BEGIN Provided entries

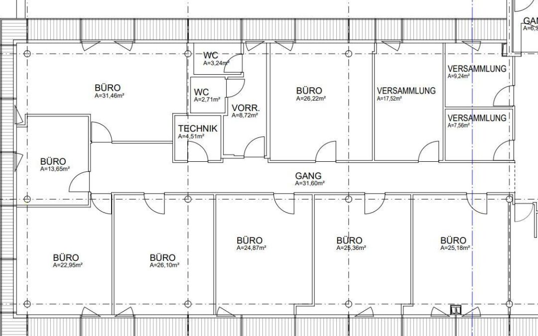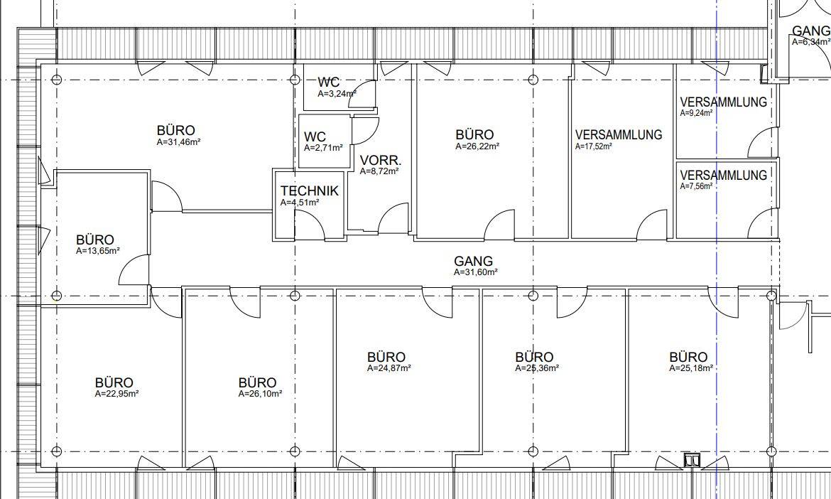 Die voll ausgestattete Liegenschaft befindet sich im 2. Stock eines Bürogebäudes und setzt sich aus 8 Büroräumen und drei Sitzungsräumen, durch Glaswände getrennt, zusammen. Die hellen Räume sind modern gestaltet und können autonom gesteuert beheizt und gekühlt werden.
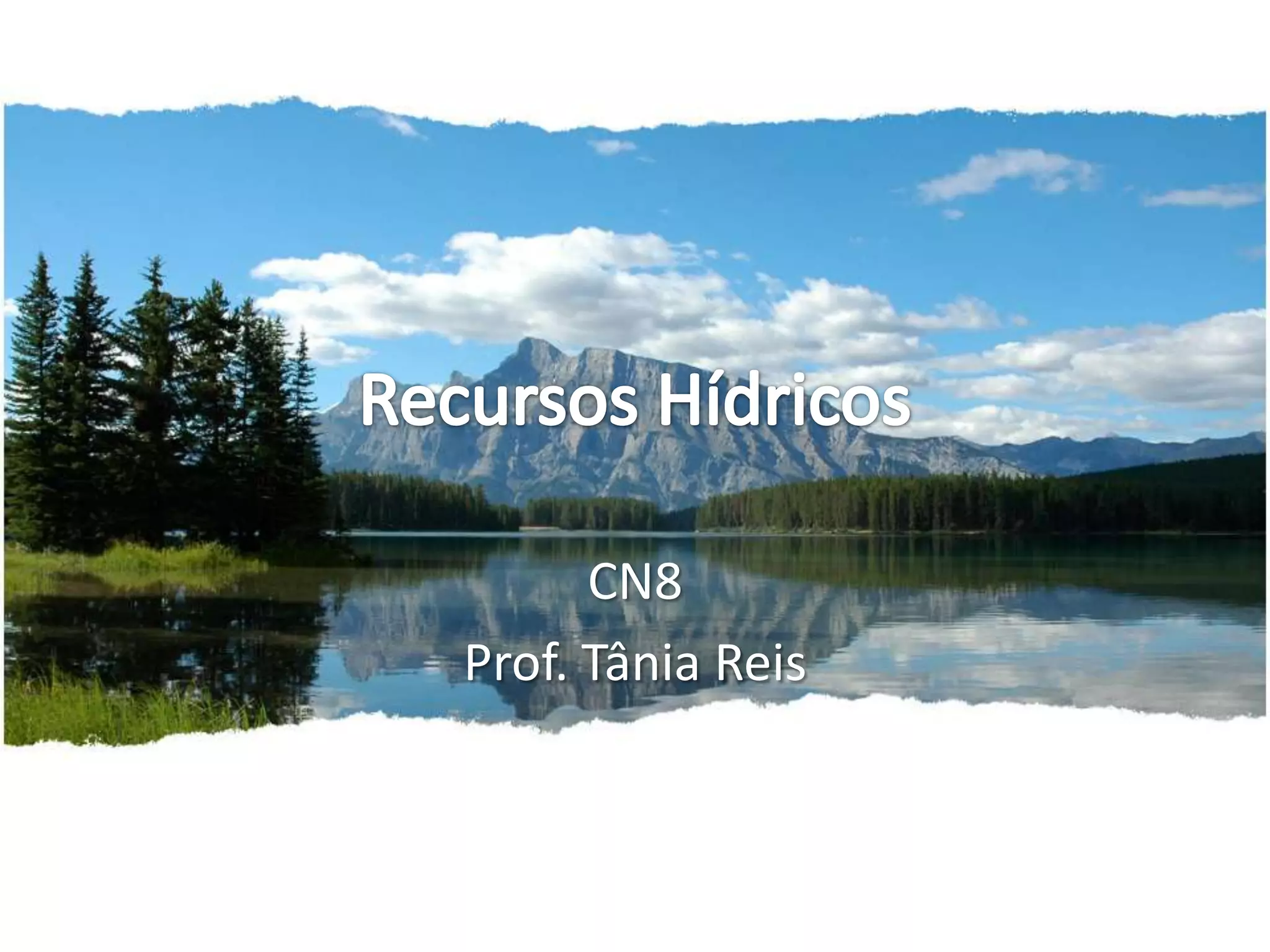 O documento discute os recursos hídricos da Terra, incluindo que apenas 2,5% da água da Terra é doce e disponível, e que as atividades humanas ameaçam a qualidade da água através da poluição. Ele também define os tipos de água, incluindo água potável, águas minerais naturais, de nascente e termais.
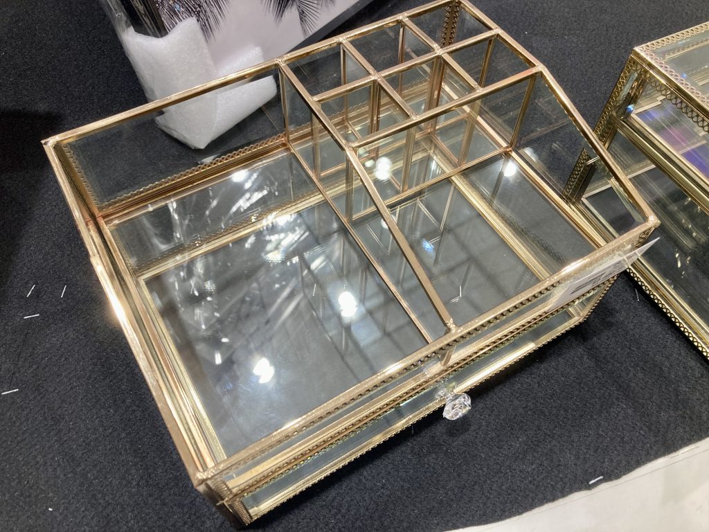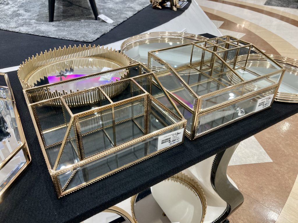 底面がミラーになっているゴールドトレーと、アクセサリーケースです。
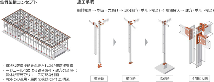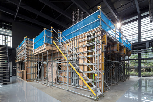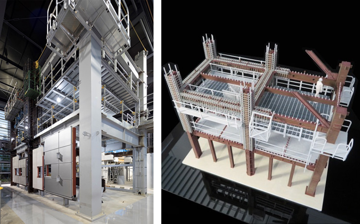「鉄骨・外装モックアップ」にはBOX柱、コラム柱、SRC柱などの様々な鉄骨構法を再現している。あわせて鉄骨仮設やそのピースも再現し、鉄骨構造に対する理解を深めてもらう。
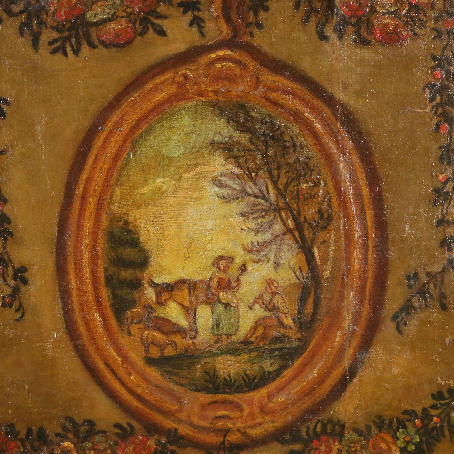 Óleo sobre lienzo aplicado a un panel de madera contrachapada. El panel se enmarca y se divide en dos paneles por las tiras de oro chapado de madera; no hay trozos de la parte inferior del panel. En el panel superior, enmarcado por los motivos florales,dentro de un marco pintado, una escena pastoral con los pastores tocar instrumentos musicales.
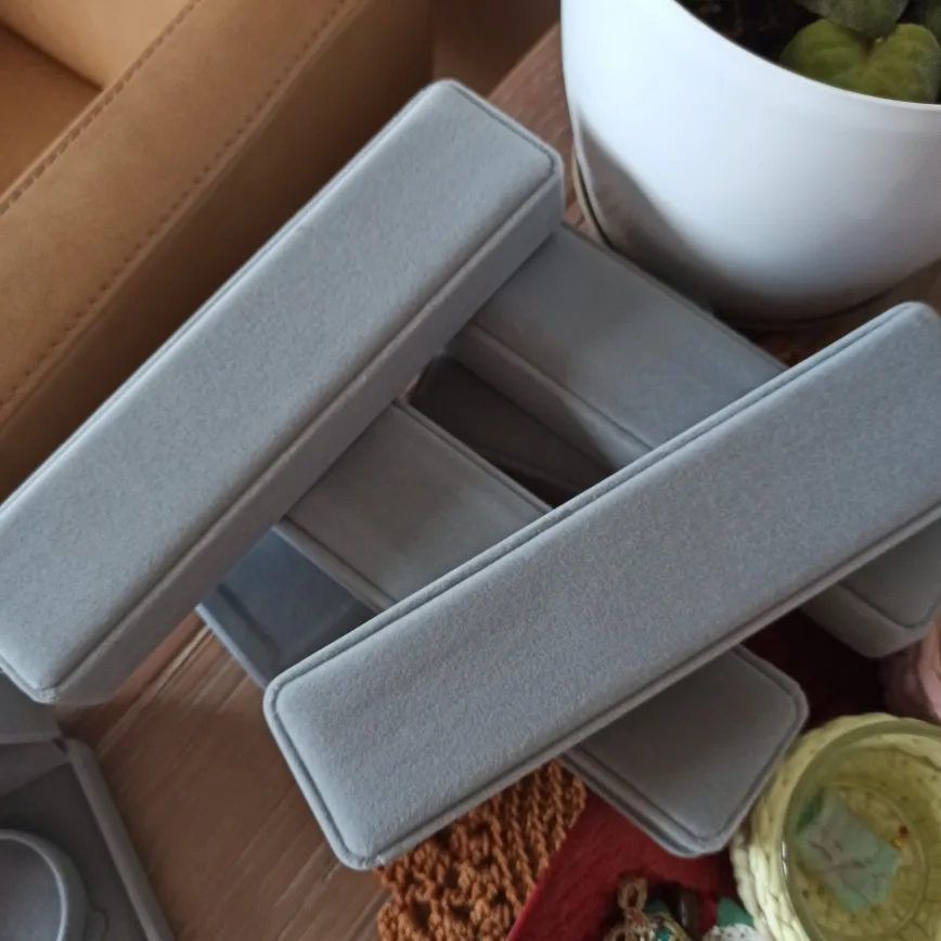 Коробка не открывается так, как на фото, верх тяжелее основания, коробка поворачивается, а не для сидения на плоской поверхности, постоянно поворачивается, не имеет стабильности, чтобы оставаться на витрине. Подкладка из клейкой бумаги, а не из бархата.
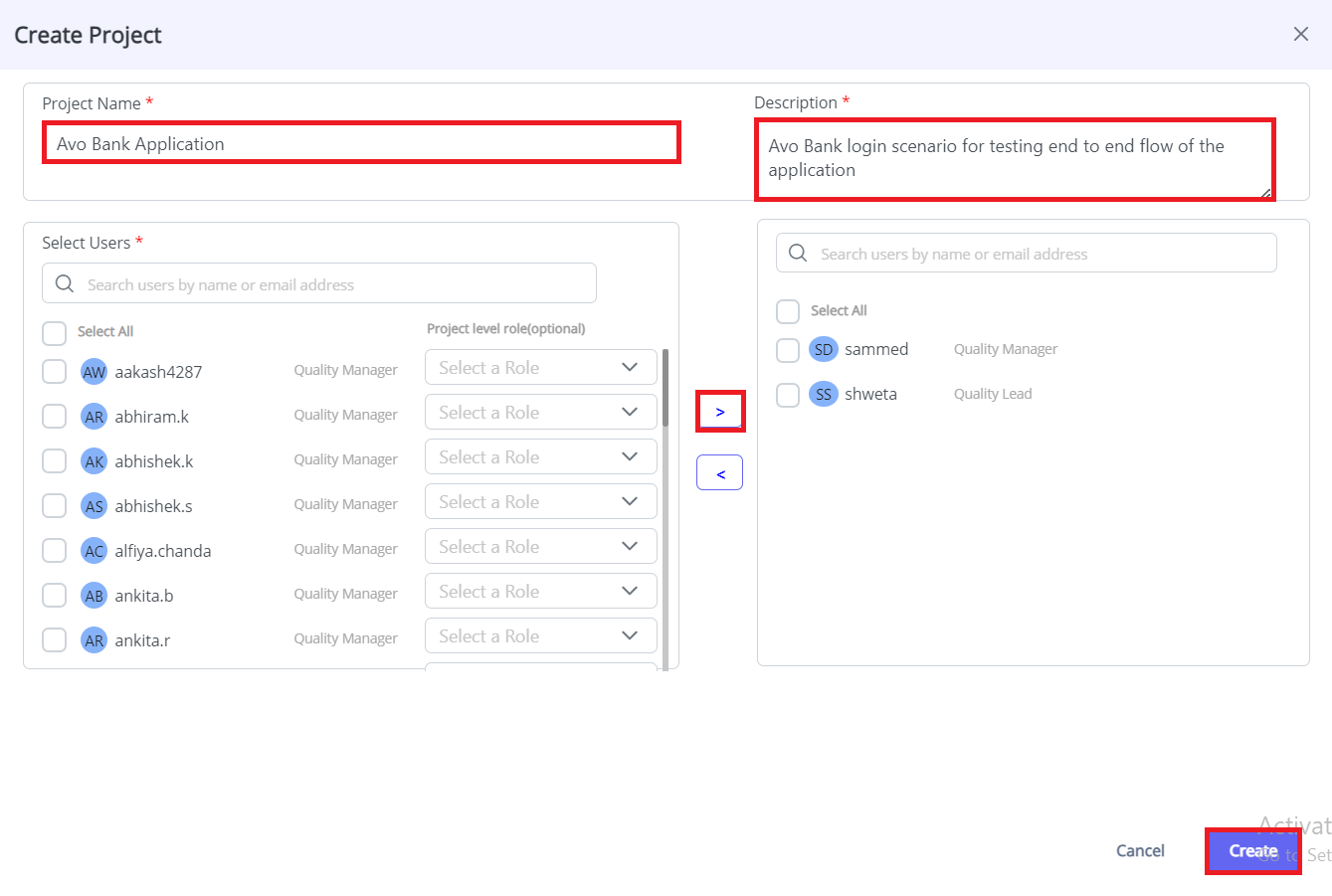 2. Enter Project Name, enter Description of project, select Users from the left-hand column and assign them role from Project level role drop down. Then click (>) arrow icon to assign user to project and click Create button it will create new project and displayed on landing page
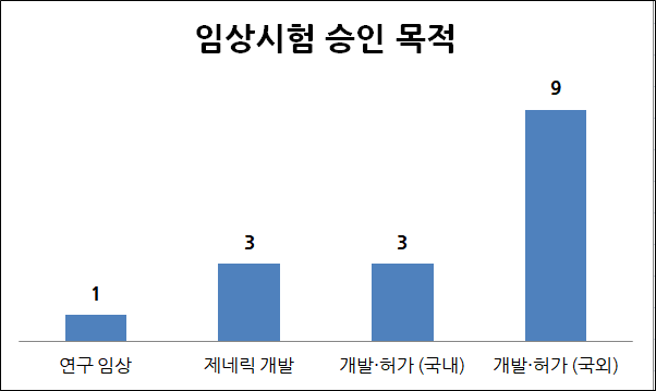 시험단계 상 ▲3상 5건 ▲1상 4건 ▲생동성(생물학적 동등성) 3건 ▲1/2상, 2상, 2a상 각 1건 순이다. 승인 목적에 따르면 ▲국외 약물 개발·허가 9건 ▲국내 약물 개발·허가, 제네릭 개발(생물학적동등성) 각 3건 ▲연구목적 임상 1건 순이다.
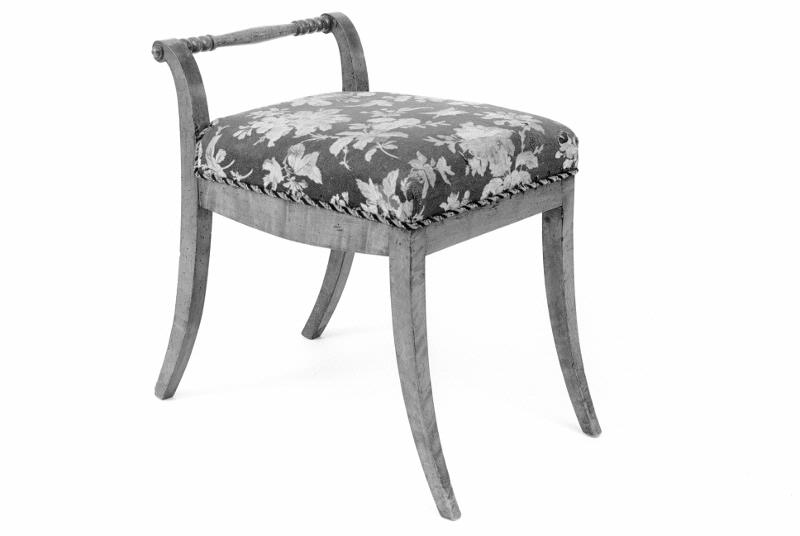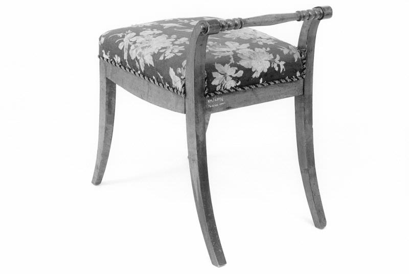 Rektangulär sits, fyra sabelformade ben varav två fortsätter upp i ett lågt ryggstöd i form av en svarvad stav. Fast stoppad sits klädd med tyg i polykromt blommönster på brun botten. Polerad björk.
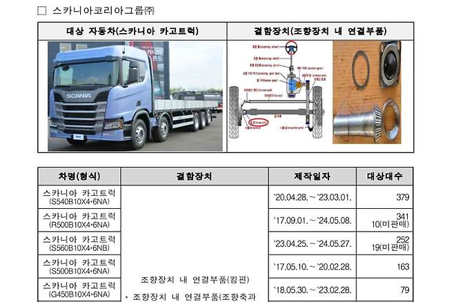 또한, 스카니아코리아그룹의 스카니아 카고트럭(1,274대)은 조향장치 부품 불량으로 핸들 떨림 현상이 발생할 가능성이 확인되었으며, 오는 27일부터 리콜 조치가 시작된다.
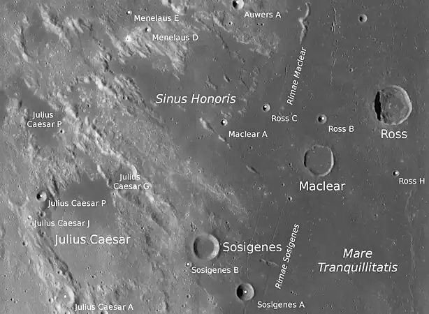Por convención estos elementos son identificados en los mapas lunares poniendo la letra en el lado del punto medio del cráter que está más cercano a Maclear.
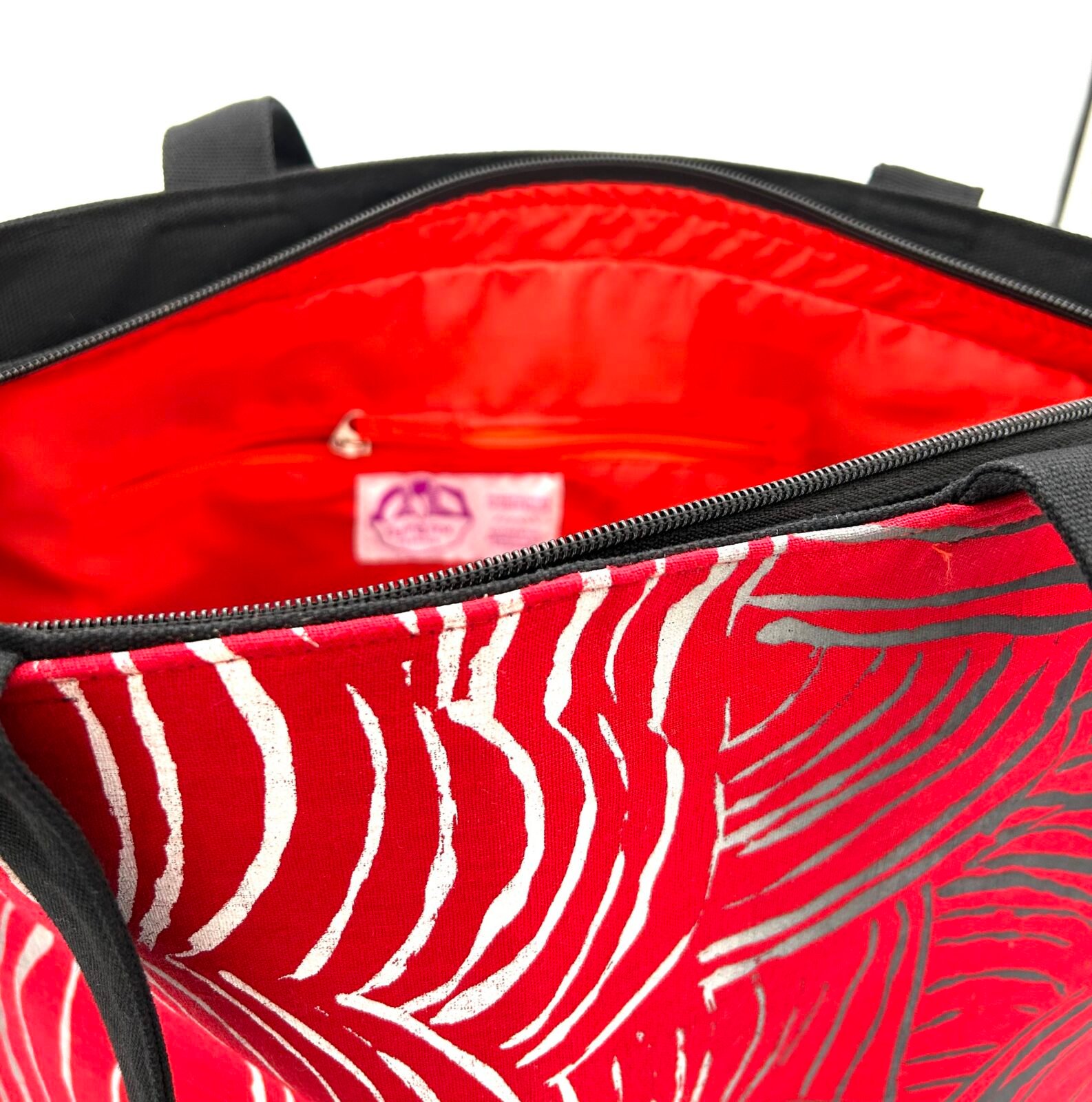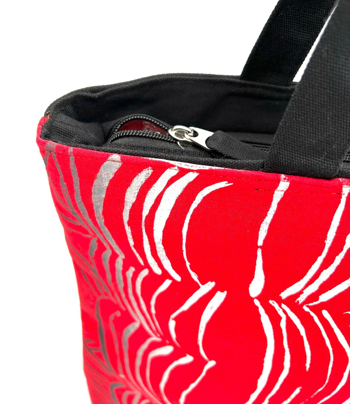Fabric and color: the base cloth of the printed fabric is red linen/cotton and the ink is black, white, grey ombre. The lining fabric is as shown.

END Provided entries

Task to complete: Your output should be exactly the lines of the records above from the one with "또한, 스카니아코리아그룹의 스카니아" through the last, both ends included, with pictures excluded.

Answer space:
 또한, 스카니아코리아그룹의 스카니아 카고트럭(1,274대)은 조향장치 부품 불량으로 핸들 떨림 현상이 발생할 가능성이 확인되었으며, 오는 27일부터 리콜 조치가 시작된다.
Por convención estos elementos son identificados en los mapas lunares poniendo la letra en el lado del punto medio del cráter que está más cercano a Maclear.
Fabric and color: the base cloth of the printed fabric is red linen/cotton and the ink is black, white, grey ombre. The lining fabric is as shown.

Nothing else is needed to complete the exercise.